You need to be recognized as a GREAT (not good) place to work. We need to market what we're doing so people view the company as a great place to work. Go tell the world. Your current employees are your best asset in this regard. Visitors will quickly see a difference as they talk to people during the company tour. In my company, we were recognized as one of the best companies to work in our state 5 times. This was done with a 3rd party anonymous survey where our employees told us what they really thought! Their answers put us near the top, and suddenly we were in the newspaper as one of the best companies to work. Instead of 5 applicants for every job, we saw 15! This had 100% to do with our lean thinking!!

Like Field of Dreams, build it and they will come. It is not easy, and requires a consistent, steady hand, and everyone being on the same page. But, if you want results others don't get, you need to do stuff others won't do!

Sunday, February 24, 2019

Don't Make LEAN the Company Hobby!

There's certain things worth doing in life that we need to just need to put our heads down, get a running start, and tackle head on.

One of those worth doing things is lean in our businesses. Coached well and executed well, a culture of kaizen (continuous improvement) is really hard to beat. For one, morale is high because people feel they can make an impact instead of just punching the clock and trying to make it through the week. Second, continuous improvements in productivity allows the business to grow without throwing people and money at spikes in demand and at problems. This translates to the ability to pay better and retain people. In a real lean company, turnover is non-existent. Finally, when the unknown happens (Wall Street 2008-9 for example), I can continue to inch forward without having to worry about layoffs (this happened to me in my company in 2008-sales were off 21% during the Wall Street fiasco, and nobody was laid off. In fact, we were able to pay a small bonus at the end of the year!). This is where I think of a well executed lean strategy as life insurance for the business.

So those are just three benefits to executing a lean strategy, taken right off the top of my head.  

Unfortunately, on a scale of 1-10 of difficulty, building a real lean strategy is a 58. The 3 benefits above don't come free. It takes perseverance, stick-to-it-iveness, and working to gain agreement with everyone in the whole place. Think a few years, not months. Gaining agreement is easier and CAN go faster when you have a crisis or a "lever" (a compelling reason to change long embraced behaviors). People are much more likely to buy in fast when the ship is taking on water.  Even then, you need to work to make sure everyone sees results and the benefits of converting. You can't PowerPoint your way to it. Just start working with people to help them improve their jobs, and do it routinely. In fact, do it like it's your job, not your hobby!!

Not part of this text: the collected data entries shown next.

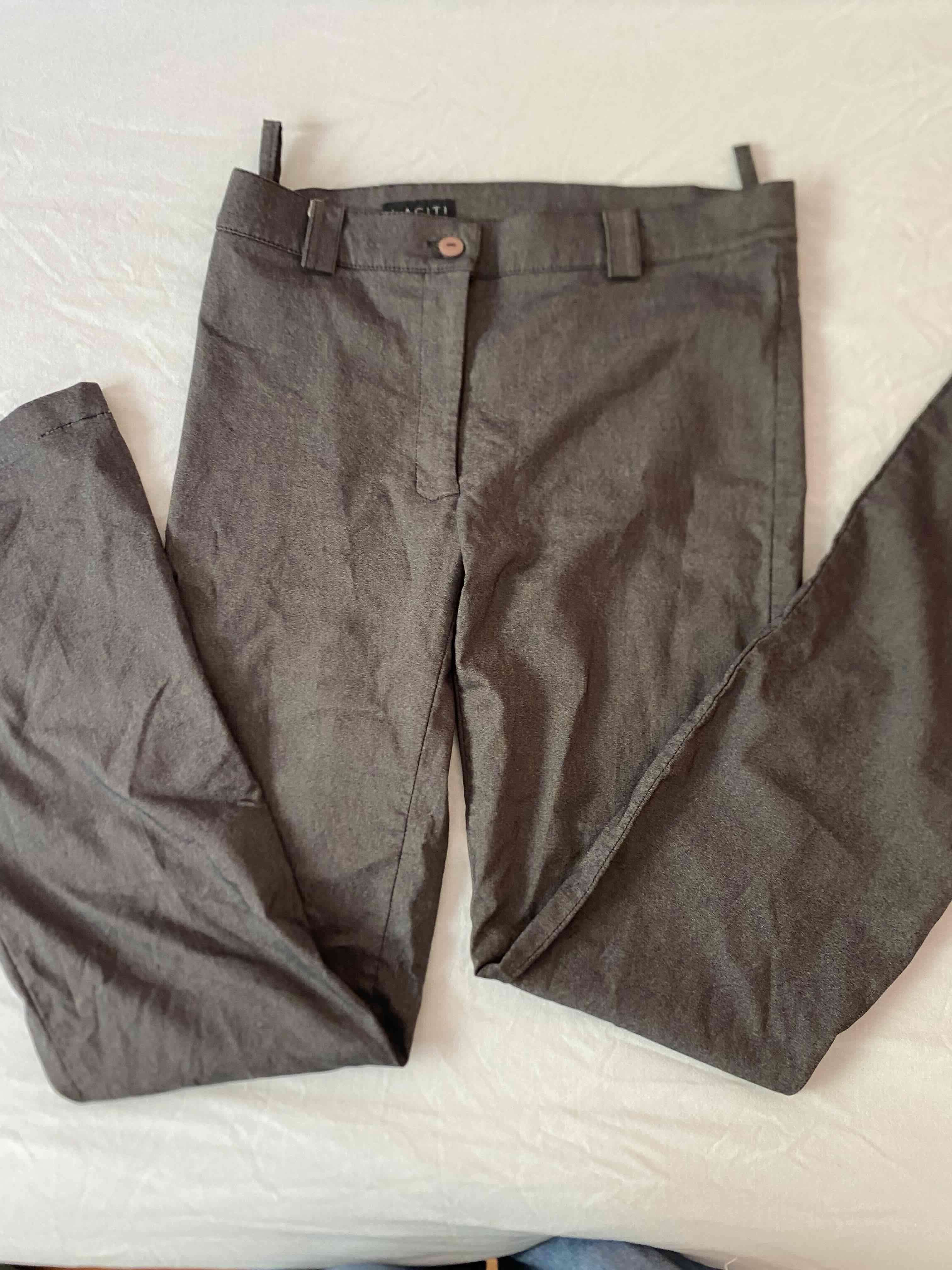 Pantalón de vestir color gris en buen estado, ideal para ocasiones formales. Tela suave y cierre frontal.
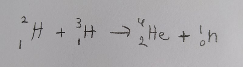 Forskning bedrivs för att kunna konstruera fusionreaktorer. Man tror att den lämpligaste reaktionen är en reaktion mellan deuterium och tritium. Vid reaktionen bildas helium 4 och neutroner. För att reaktionen skall ske krävs att temperaturen överskrider 40 miljoner grader. Antag att man måste tillföra värmeeffekten 200kW för att bibehålla denna höga temperatur. Hur många gram deuterium måste då reagera varje sekund för att reaktorn skall producera lika stor effekt som tillförs?
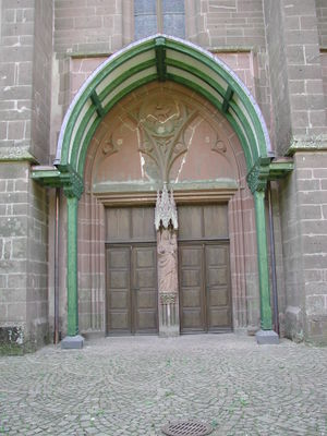 Baldachin krabbelt. | Baldachin krabbelt. Da die Figur mit dem Trumeaupfeiler eine Einheit bildet, kann man annehmen, dass die Madonna zur Bauzeit für dieses Portal geschaffen wurde und seither immer dort stand. | ||
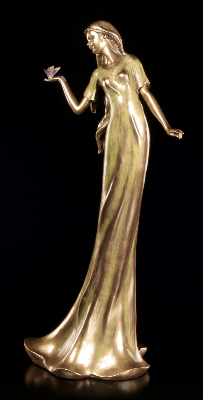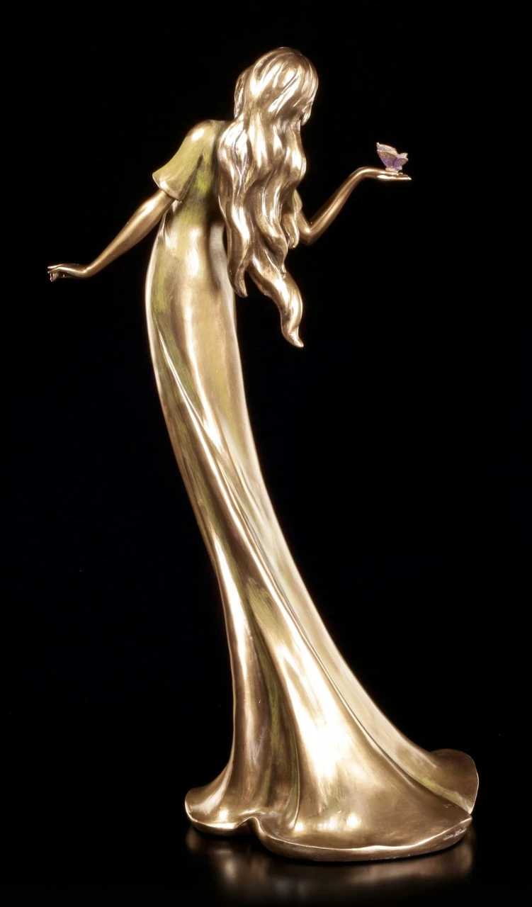 Sieht diese junge Frau nicht höchst elegant aus? So wie sie anmutig zu einem Schmetterling beugt, den sie in der Hand hält. Die Lady mit dem Schmetterling ist ein Kunstwerk vom bekannten Hersteller Veronese. Sie stammt aus der Studio Collection Serie und wurde liebevoll bronziert und coloriert. Durch die überlangen Beine, die schlanke Silhouette und die S-Form des Körpers wirkt die junge Frau lebendig und in Bewegung.
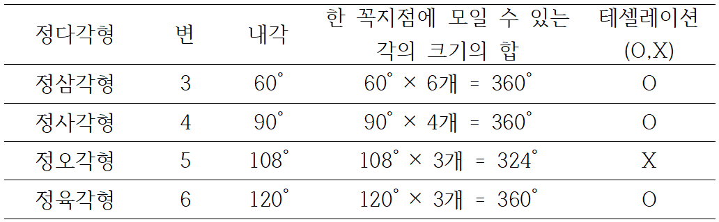 정다각형의 변의 개수, 한 내각의 크기를 알아보고 한꼭지점에 모을 수 있는 다각형의 개수를 알아봄으로써 테셀레이션이 가능한지 판단해 봅시다.
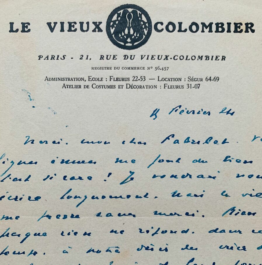 Après le départ successif de Louis Jouvet puis de Jules Romains, Jacques Copeau doit fermer son théâtre, en 1924. «Merci, mon cher Fabulet, vos lignes émues me font du bien. C'est si rare! Je voudrais vous écrire longuement. Mais la vie me presse sans merci. Rien, presque rien ne répond, dans ce temps, à notre désir de créer de la beauté. Mais il faut pourtant que nous fassions notre oeuvre [...]».

If lean is delegated to a department, or something we do every once in a while when we have time, it is like having an expensive, bad hobby. It can be like owning a boat you use once a year or like collecting pythons or collecting Santa Clauses. It might feel satisfying at times, but the people around you are probably less than giddy.

Don't make lean your company hobby!!! Go in head down full speed. It is worth the effort!!


Sunday, February 17, 2019

LEAN Porn: Tidying Up with Marie Kondo

A few weeks ago, a friend of mine alerted me to a Netflix series called "Tidying Up with Marie Kondo". Football season is over (I referee college football) and lacrosse hasn't started (she referees college lacrosse), so my wife and I have this window in January and February to just chill, hibernate. On Saturday nights, I'll make dinner, start a fire and we'll vegetate in front of the massive "smart" tv. 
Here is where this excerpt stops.